╭─ Study material

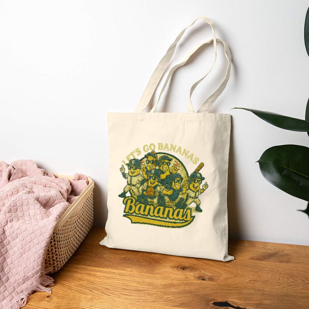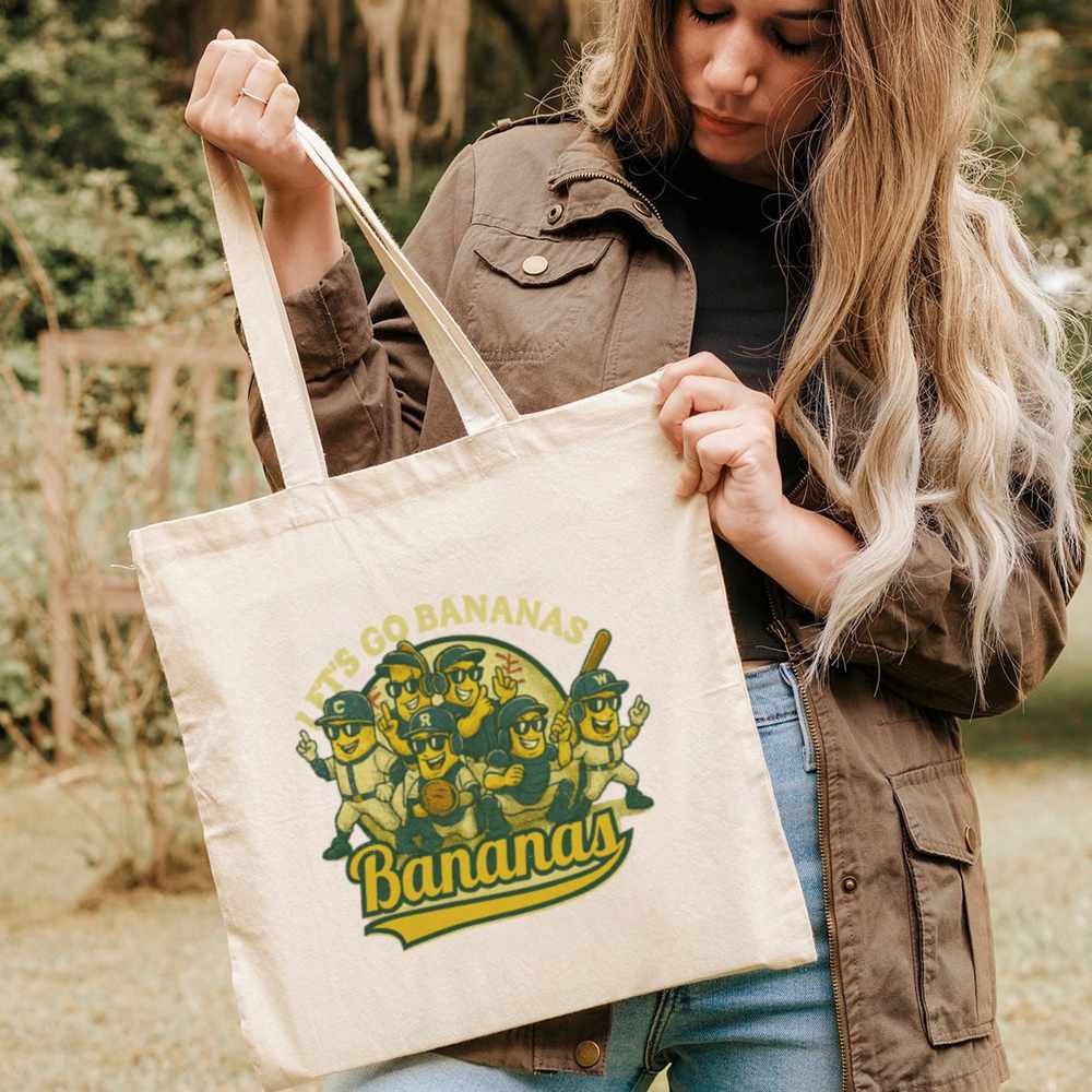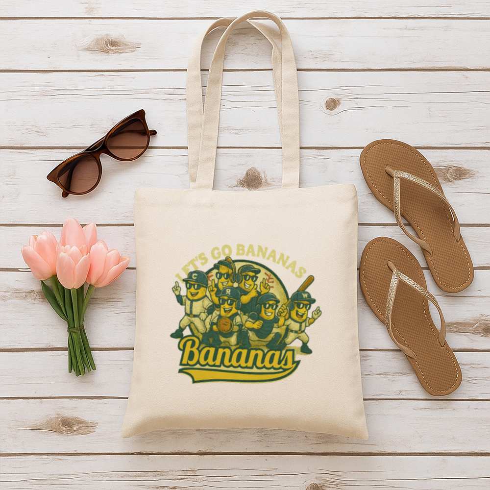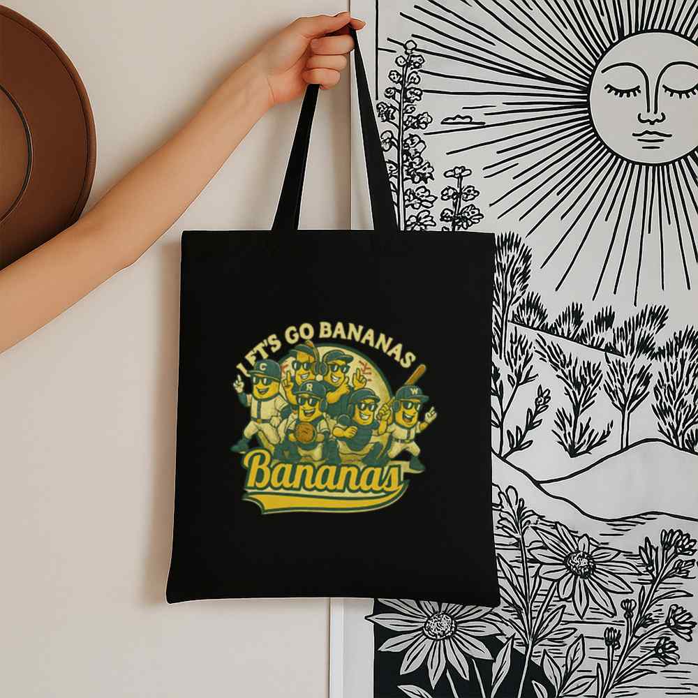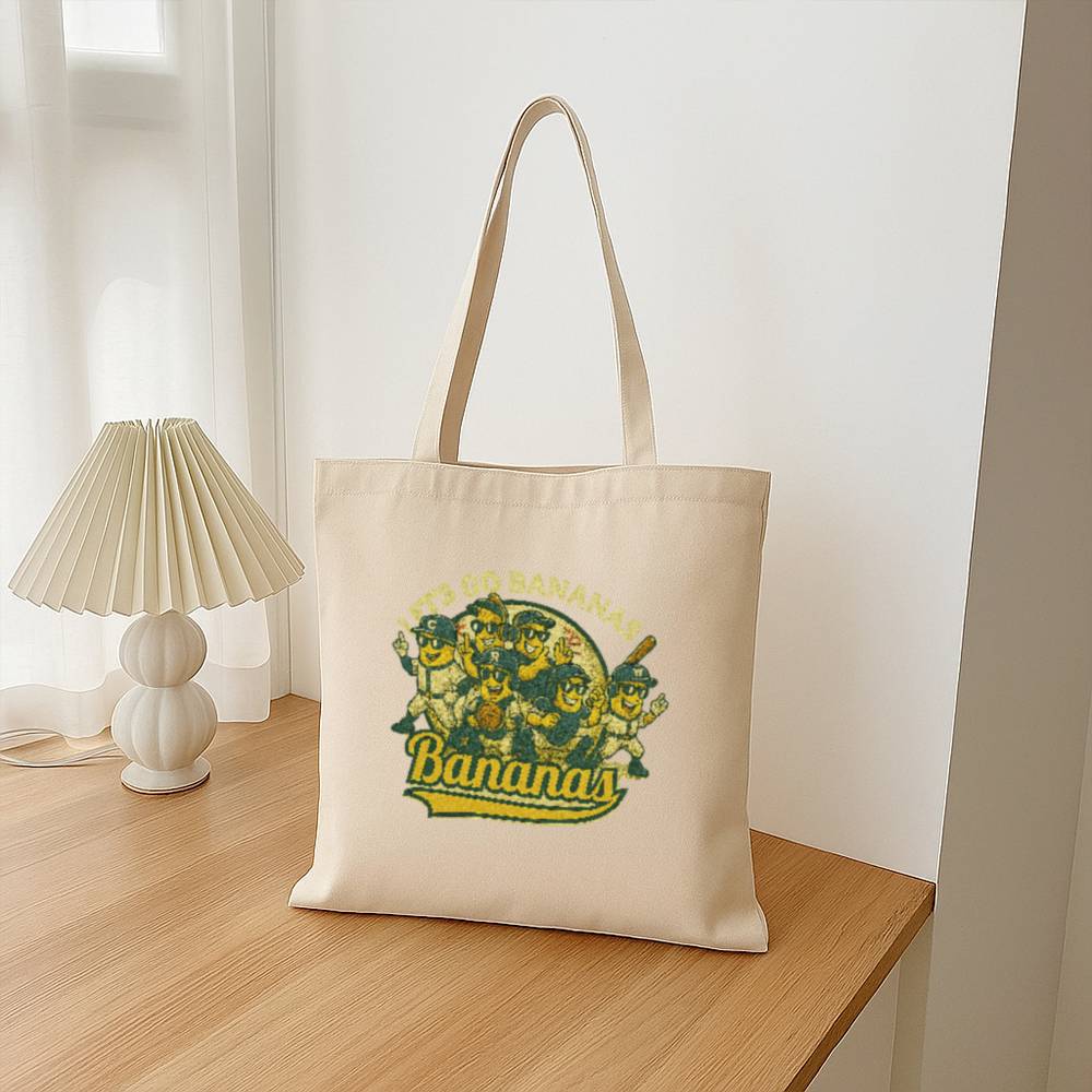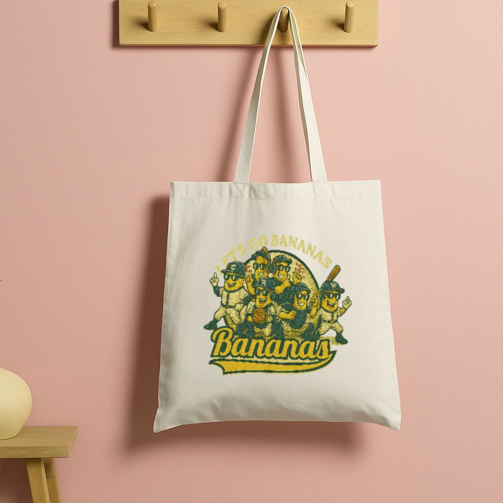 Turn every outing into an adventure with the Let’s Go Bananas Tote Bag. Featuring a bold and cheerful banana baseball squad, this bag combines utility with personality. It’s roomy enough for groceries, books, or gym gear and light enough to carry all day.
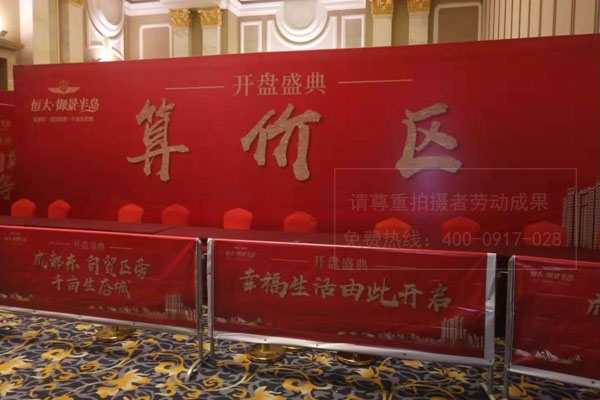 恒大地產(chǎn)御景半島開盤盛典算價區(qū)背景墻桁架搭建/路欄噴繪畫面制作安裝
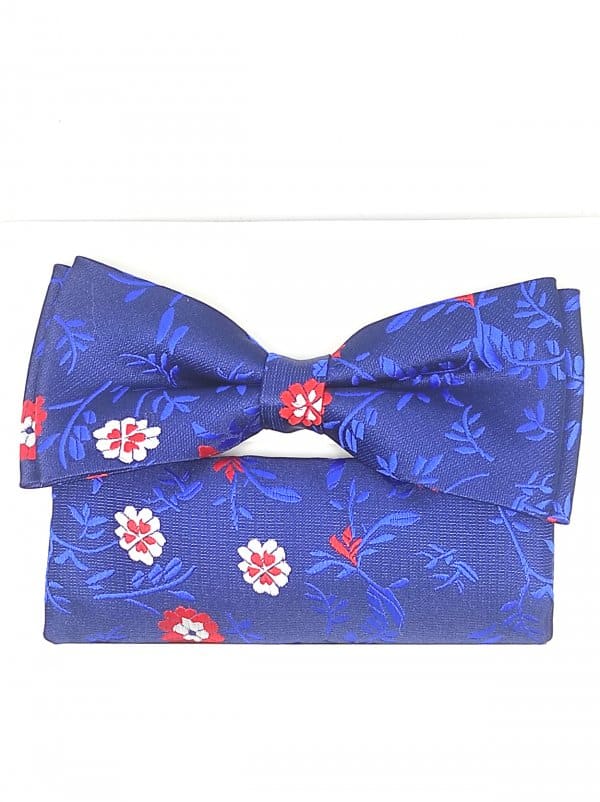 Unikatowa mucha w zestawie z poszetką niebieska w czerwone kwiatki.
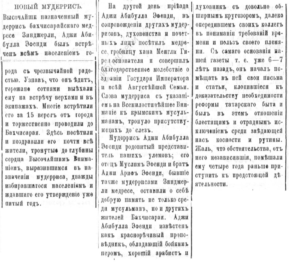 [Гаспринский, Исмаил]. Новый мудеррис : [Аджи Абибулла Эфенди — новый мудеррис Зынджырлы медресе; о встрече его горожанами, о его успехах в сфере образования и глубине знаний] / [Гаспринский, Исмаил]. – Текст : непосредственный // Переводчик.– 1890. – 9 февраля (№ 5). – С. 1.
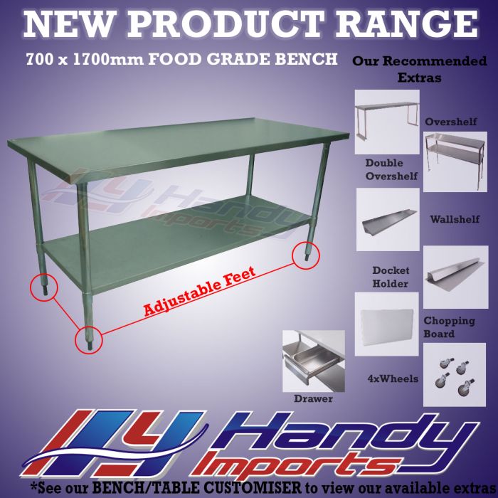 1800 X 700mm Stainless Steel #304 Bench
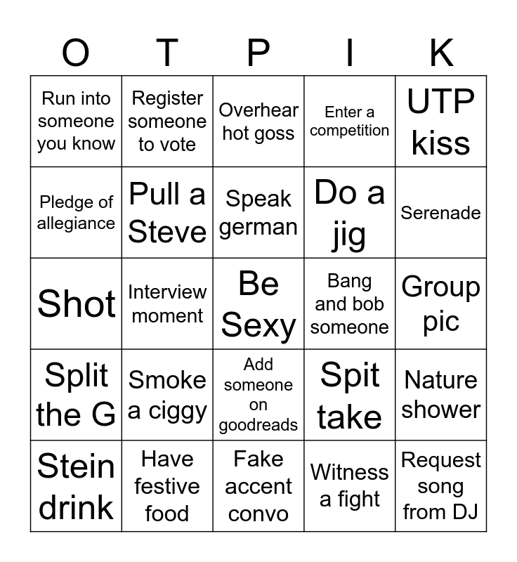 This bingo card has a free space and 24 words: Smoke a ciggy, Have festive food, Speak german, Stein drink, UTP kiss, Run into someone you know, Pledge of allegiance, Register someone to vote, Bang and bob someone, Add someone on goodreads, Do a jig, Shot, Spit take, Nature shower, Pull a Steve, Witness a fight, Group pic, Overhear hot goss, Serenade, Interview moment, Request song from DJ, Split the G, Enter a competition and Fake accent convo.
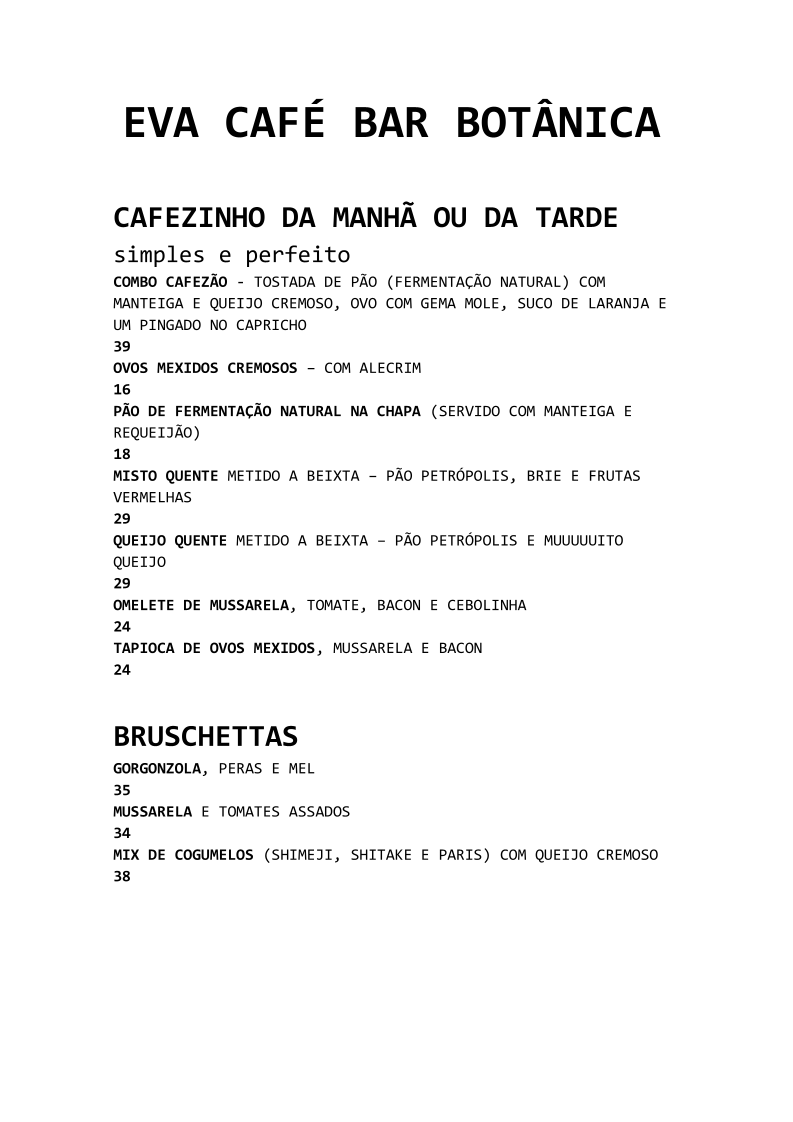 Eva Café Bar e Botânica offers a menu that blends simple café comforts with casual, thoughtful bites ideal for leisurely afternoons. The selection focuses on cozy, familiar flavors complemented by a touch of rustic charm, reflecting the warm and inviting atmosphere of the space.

╰─

Requirement >> Your task is to retype the lines running from the one that contains "恒大地產(chǎn)御景半島" through the end of the records, and nothing else. Pictures are not part of the copy.

Response for this exercise >>
 恒大地產(chǎn)御景半島開盤盛典算價區(qū)背景墻桁架搭建/路欄噴繪畫面制作安裝
 Unikatowa mucha w zestawie z poszetką niebieska w czerwone kwiatki.
 [Гаспринский, Исмаил]. Новый мудеррис : [Аджи Абибулла Эфенди — новый мудеррис Зынджырлы медресе; о встрече его горожанами, о его успехах в сфере образования и глубине знаний] / [Гаспринский, Исмаил]. – Текст : непосредственный // Переводчик.– 1890. – 9 февраля (№ 5). – С. 1.
 1800 X 700mm Stainless Steel #304 Bench
 This bingo card has a free space and 24 words: Smoke a ciggy, Have festive food, Speak german, Stein drink, UTP kiss, Run into someone you know, Pledge of allegiance, Register someone to vote, Bang and bob someone, Add someone on goodreads, Do a jig, Shot, Spit take, Nature shower, Pull a Steve, Witness a fight, Group pic, Overhear hot goss, Serenade, Interview moment, Request song from DJ, Split the G, Enter a competition and Fake accent convo.
 Eva Café Bar e Botânica offers a menu that blends simple café comforts with casual, thoughtful bites ideal for leisurely afternoons. The selection focuses on cozy, familiar flavors complemented by a touch of rustic charm, reflecting the warm and inviting atmosphere of the space.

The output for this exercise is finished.